▶ **PROBLEM TO SOLVE**
Only the lines from the one holding "HD-0025RDM 數字式乳化均質機" through the end of the material are to be repeated, exactly and without pictures.

▶ **DATA TO EXAMINE**
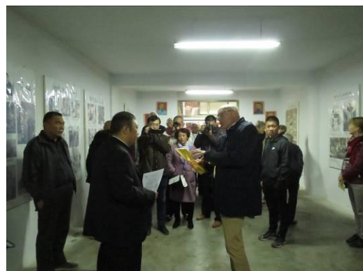
Bezoek aan het Schraven museum.
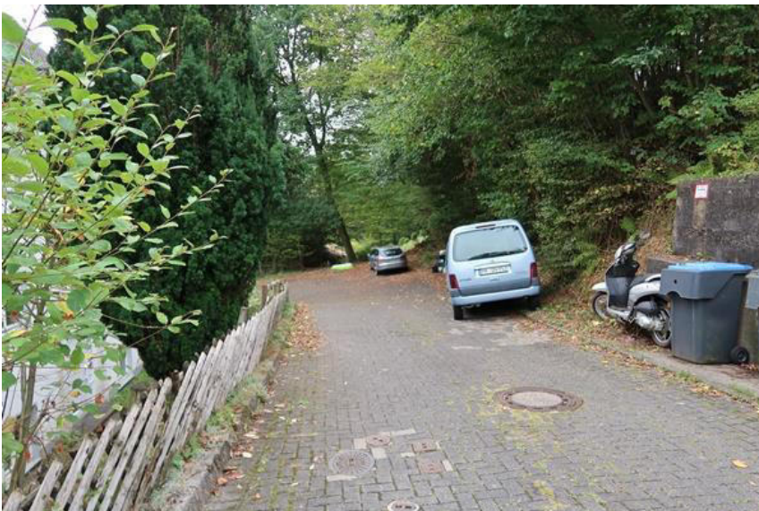
Die Straße Im Steinsiepen endet als Sackgasse wenige Meter weiter.
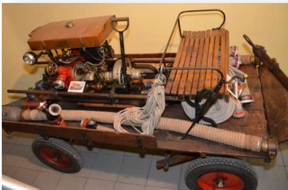
Tragkraftspritze Rosenbauer R50 ca. 1930
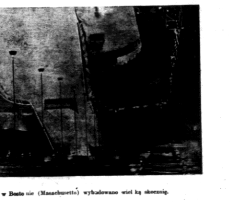
Na wielkiej arenie sportowej w Bostonie (Massachusetts) wybalowano wiek ką skoczni.
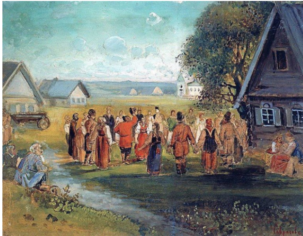
Алексей Кондратьевич Саврасов «Хоровод в селе» 1874г.
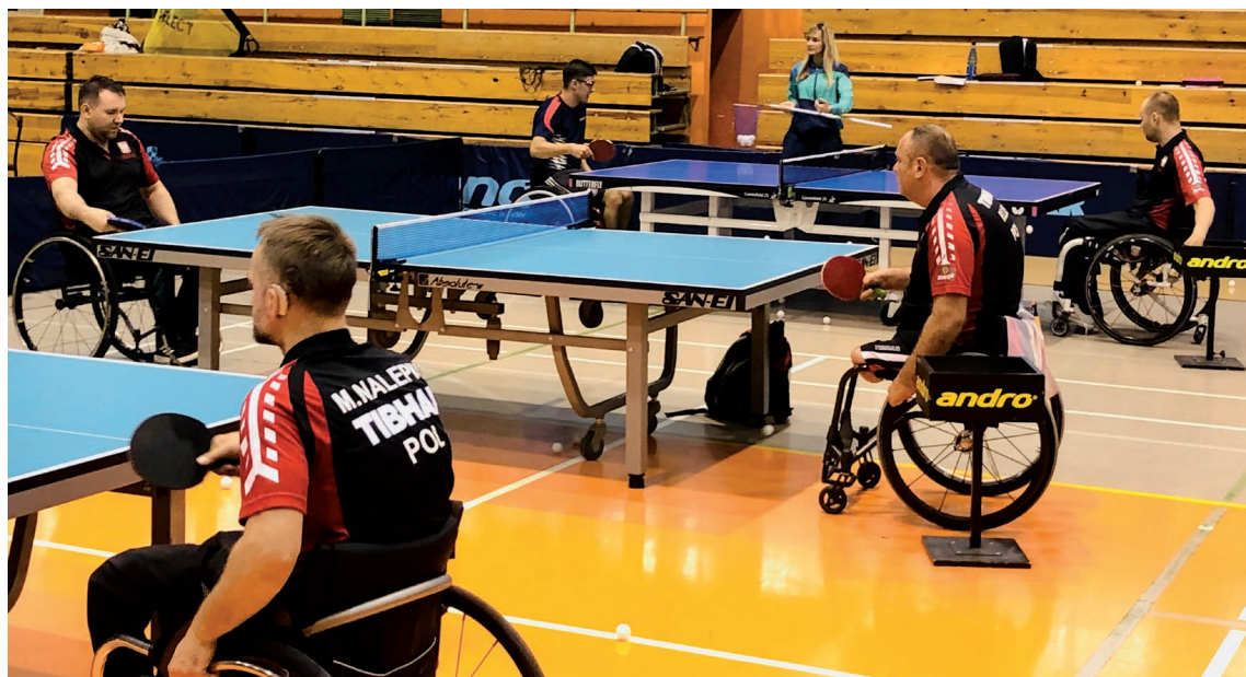
Zgrupowanie polskiej kadry osób niepełnosprawnych w tenisie stołowym

Do tej pory Polacy w tenisie stołowym na igrzyskach paraolimpijskich zdobyli 26 medali (9 złotych, 10 srebrnych, 7 brązowych). Multimedalistką igrzysk jest Natalia Partyka, która ma na swoim koncie 8 medali, w tym aż 5 złotych. Natalia jest również zawodniczką kadry narodowej osób pełnosprawnych. Poza startami na paraolimpiadzie jest także trzykrotną uczestniczką igrzysk olimpijskich.
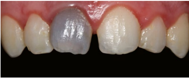
Fig. 2 Situation clinique initiale de la dent 11
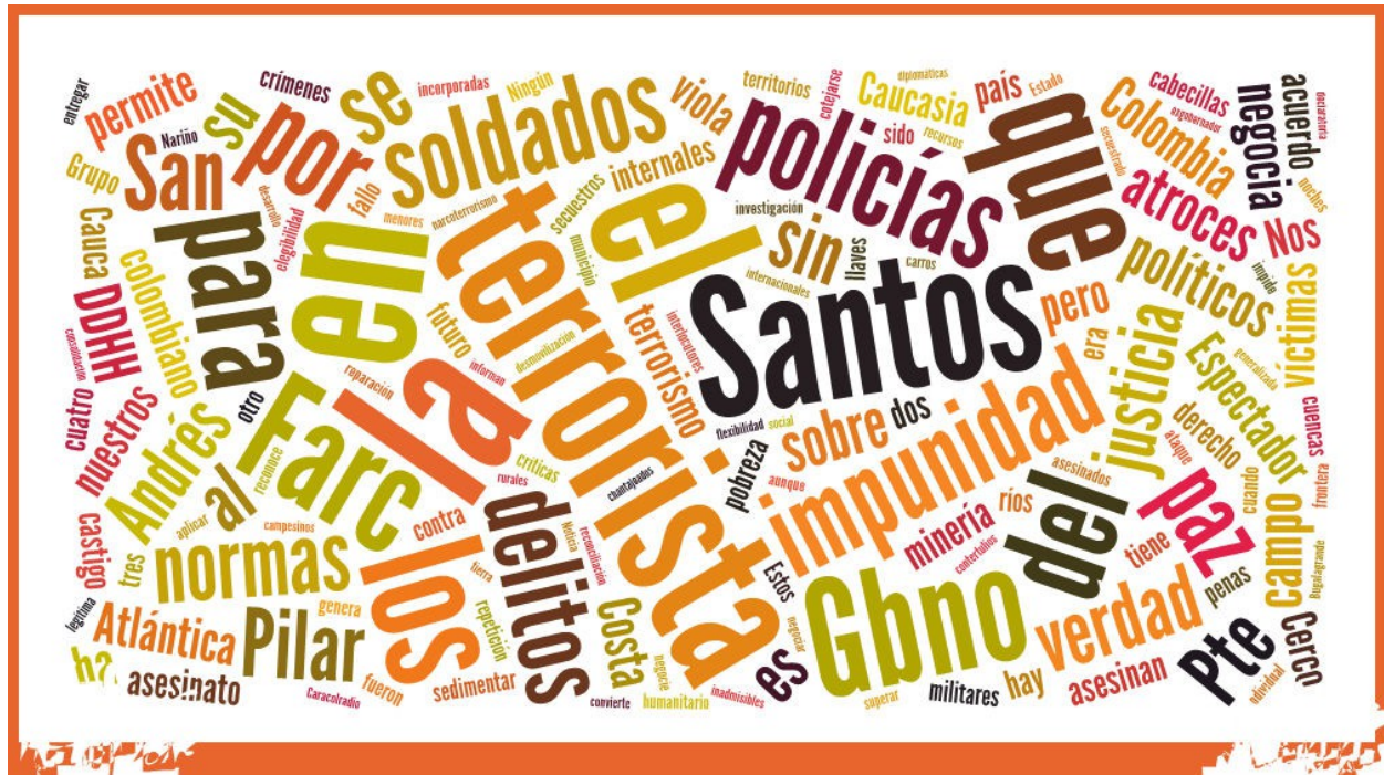
Ilustración 8 Nube de tags correspondiente al acuerdo agrario.

En la nube de tags correspondiente a los tuits personales referentes al acuerdo político la atención se centra en las palabras FARC con 336 repeticiones, terroristas con 277 y terrorismo 119; Gobierno tiene 212, Santos tiene 149, Secuestro, 136. Aunque se trata del acuerdo en participación política político, tiene 150 repeticiones, que hace que sea la decimoquinta palabra más repetida, y política solo tiene 82 repeticiones.
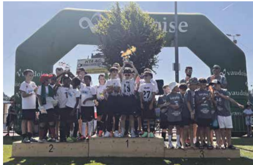
Siegerehrung beim letztjährigen Turnier.
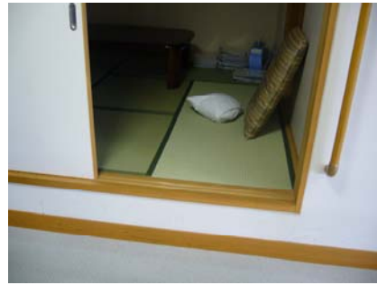
日托中心裡的和室，訓練老人上下
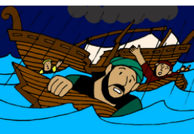
Pablo sobrevive a un naufragio
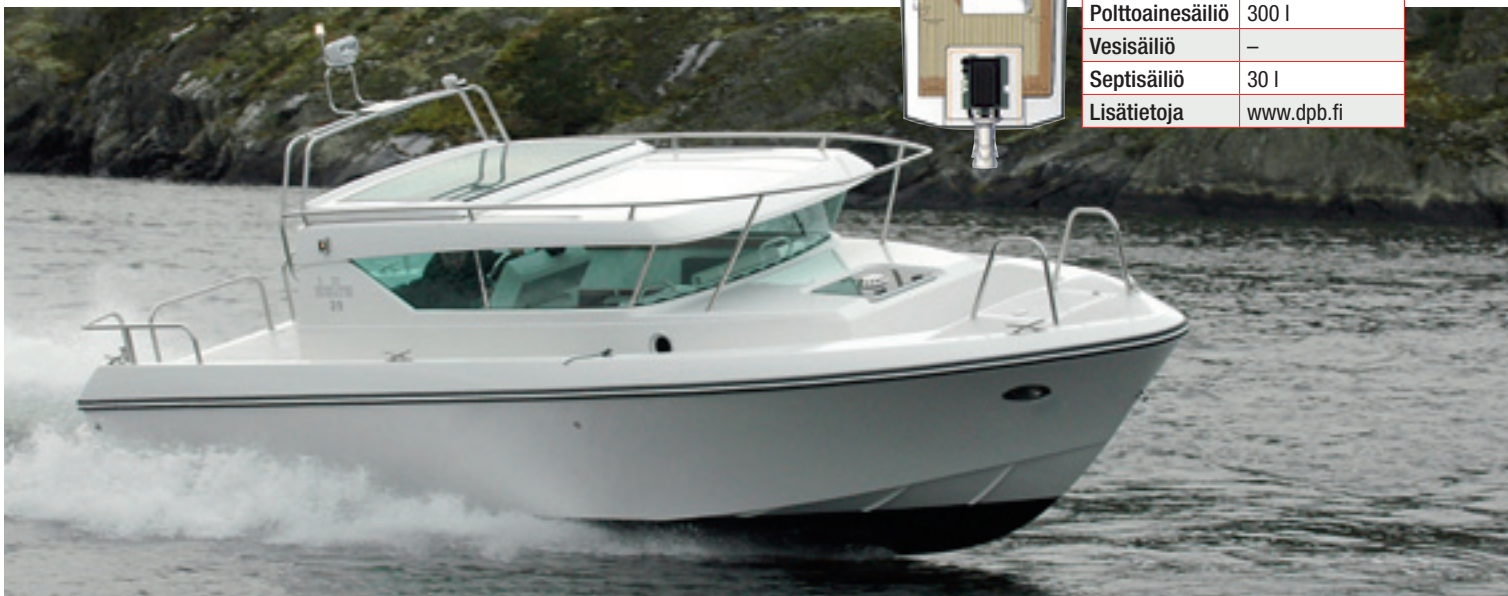
Delta 29 SW on solakkalinjainen ajajan vene. Ohjaamo on aivan kajuutan takaosassa ja kattoluukku avautuu eteenpäin.
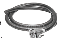
Ⓜ лок – илосос

Илосос прикрепляется к любой передвижной гидродинамической машине для быстрого удаления (вакуумирования) жидкости и грязи из затопленных подвальных помещений, сточных колодцев, плавательных бассейнов, стройплощадок, колодцев автомоек и т.д. Это снижающее затраты и экономящее время изделие будет перемещать до 60 галлонов жидкости в минуту.
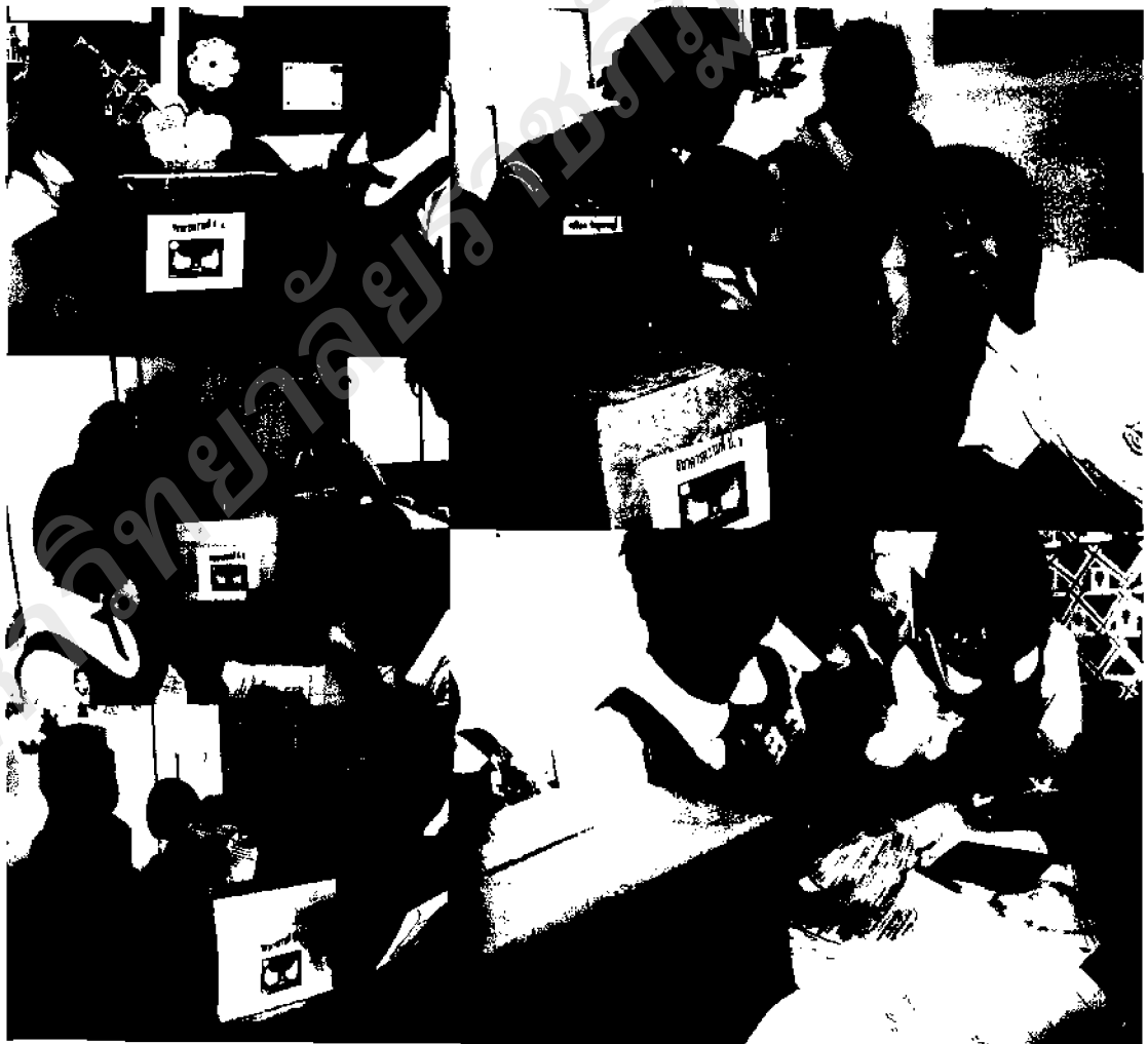
ภาพ ๒๗ บรรยากาศเปิดทำการรับฝากธนาคารความดีเป็นไปอย่างคึกคัก

ส่วนขั้นตอนรับฝากความดีนั้น คณะกรรมการในแต่ละระดับชั้น จะเปิดทำการรับฝากความดีพร้อมกันในวันอังคาร หลังจากทานอาหารเที่ยงเสร็จ ซึ่งได้ปรับเปลี่ยนวิธีการสะสมคะแนนที่แตกต่างไปจากเดิมคือ โบนัสรับฝากความดีล่าสุด จะมีเกณฑ์ประเมินอยู่ ๒ ระดับคือระดับเกรด A ดีเยี่ยม (คือ ทำความดีได้มาก ตั้งแต่ ๕ อย่างขึ้นไป) ได้ ๒ ดาว ระดับเกรด B ดี (คือ ทำความดีได้น้อย ตั้งแต่ ๔ อย่างลงมา) ได้ ๑ ดาว ดังในภาพที่ปรากฏ
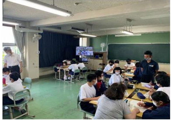
「情報リテラシーの学習風景」

幼小中、家庭、地域、企業及び行政が一体となって進める「益田市情報リテラシー向上推進協議会」において、「情報リテラシーを身につけた子ども」「情報モラルを育む家庭」「インターネットとつながる子どもたちを見守る地域」「安全・安心なインターネット利用環境の構築」を目指します。
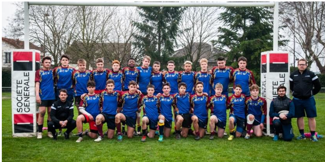
Tableau des 23 sélectionnés m15G :

Ce tournoi sert de support de détection pour les académies pôle espoirs de Dijon, de Lille et de Sceaux.
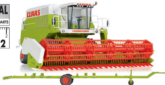
0778 34 Claas Mährescher Commandor 116 CS UVP 159,95 €
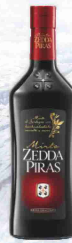
Mirto rosso di Sardegna Zedda Piras cl 50
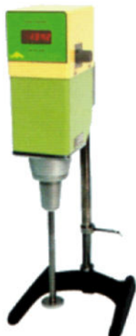
HD-0025RDM 數字式乳化均質機
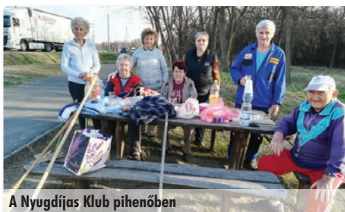
A Nyugdíjas Klub pihenőben
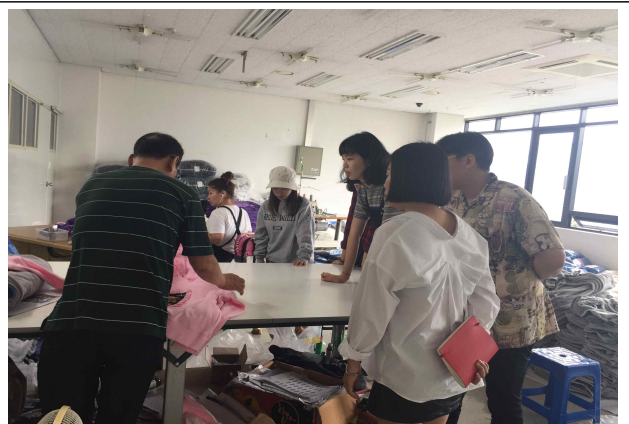
▲ 업체 현장방문(재단연계 - 미남미녀)
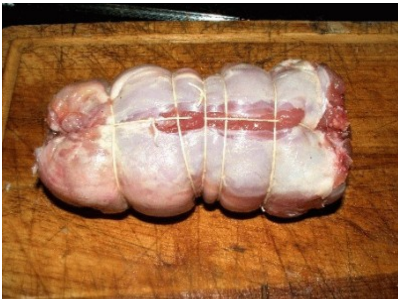
3 Quando la carne si ritira sotto l'azione del calore, chiuderla con le fettine di lardo
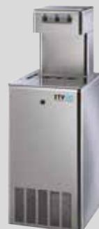
RAIN 120 INOX
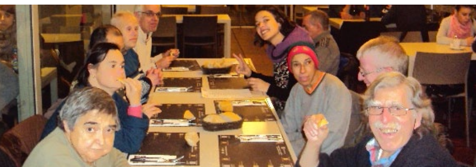
La festa de Carnestoltes (imatge superior) i gaudint d'un sopar de restaurant
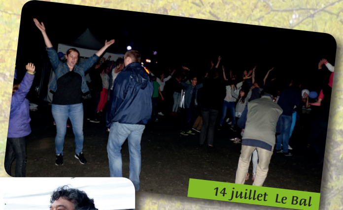
14 juillet Le Bal
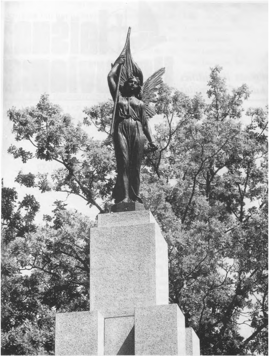
Atstatytoji Laisvės statula (skulptorius J. Zikaras)
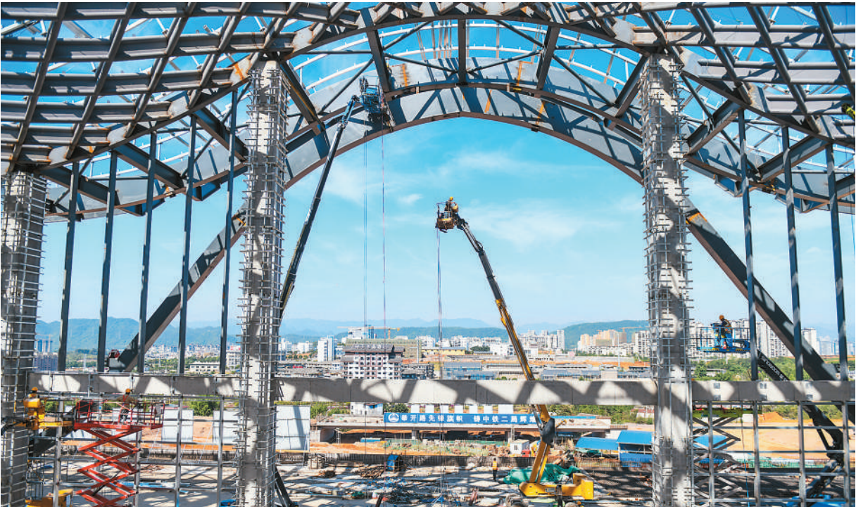
贵州省盘（州）兴（义）铁路全长约98公里，设计时速250公里，建成后将实现贵阳市至兴义市2小时内直达，大幅缩短黔西南地区与省会城市的时空距离。图为盘兴铁路兴义南站施工现场。

研发机构之江实验室了解到，随着太空计算卫星星座14日在酒泉卫星发射中心成功发射，中国首个整轨互联太空计算星座“三体计算星座”正式进入组网阶段。 这是之江实验室主导构建的“三体计算星座”的首次发射，也是国星宇航“星算”计划的首次发射。
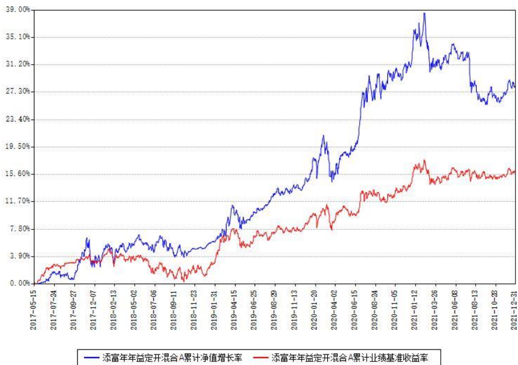
添富年年益定开混合A累计净值增长率与同期业绩基准收益率对比图
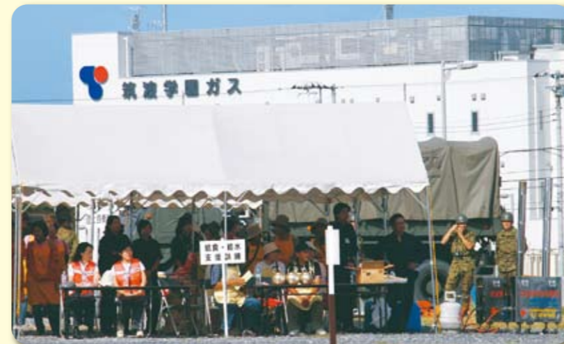
地域自治体と自衛隊も参加して

お客様の個人情報は、当クイズの抽選管理に利用させていただく他、イベントのご案内、ガス機器の情報提供など、お客さまにとって有益な情報をご案内する目的で利用させていただきます。筑波学園ガス株式会社が適切に管理させていただきますので、ご了承ください。

▶ **THE ANSWER**
HD-0025RDM 數字式乳化均質機
A Nyugdíjas Klub pihenőben
▲ 업체 현장방문(재단연계 - 미남미녀)
3 Quando la carne si ritira sotto l'azione del calore, chiuderla con le fettine di lardo
RAIN 120 INOX
La festa de Carnestoltes (imatge superior) i gaudint d'un sopar de restaurant
14 juillet Le Bal
Atstatytoji Laisvės statula (skulptorius J. Zikaras)
贵州省盘（州）兴（义）铁路全长约98公里，设计时速250公里，建成后将实现贵阳市至兴义市2小时内直达，大幅缩短黔西南地区与省会城市的时空距离。图为盘兴铁路兴义南站施工现场。

研发机构之江实验室了解到，随着太空计算卫星星座14日在酒泉卫星发射中心成功发射，中国首个整轨互联太空计算星座“三体计算星座”正式进入组网阶段。 这是之江实验室主导构建的“三体计算星座”的首次发射，也是国星宇航“星算”计划的首次发射。
添富年年益定开混合A累计净值增长率与同期业绩基准收益率对比图
地域自治体と自衛隊も参加して

お客様の個人情報は、当クイズの抽選管理に利用させていただく他、イベントのご案内、ガス機器の情報提供など、お客さまにとって有益な情報をご案内する目的で利用させていただきます。筑波学園ガス株式会社が適切に管理させていただきますので、ご了承ください。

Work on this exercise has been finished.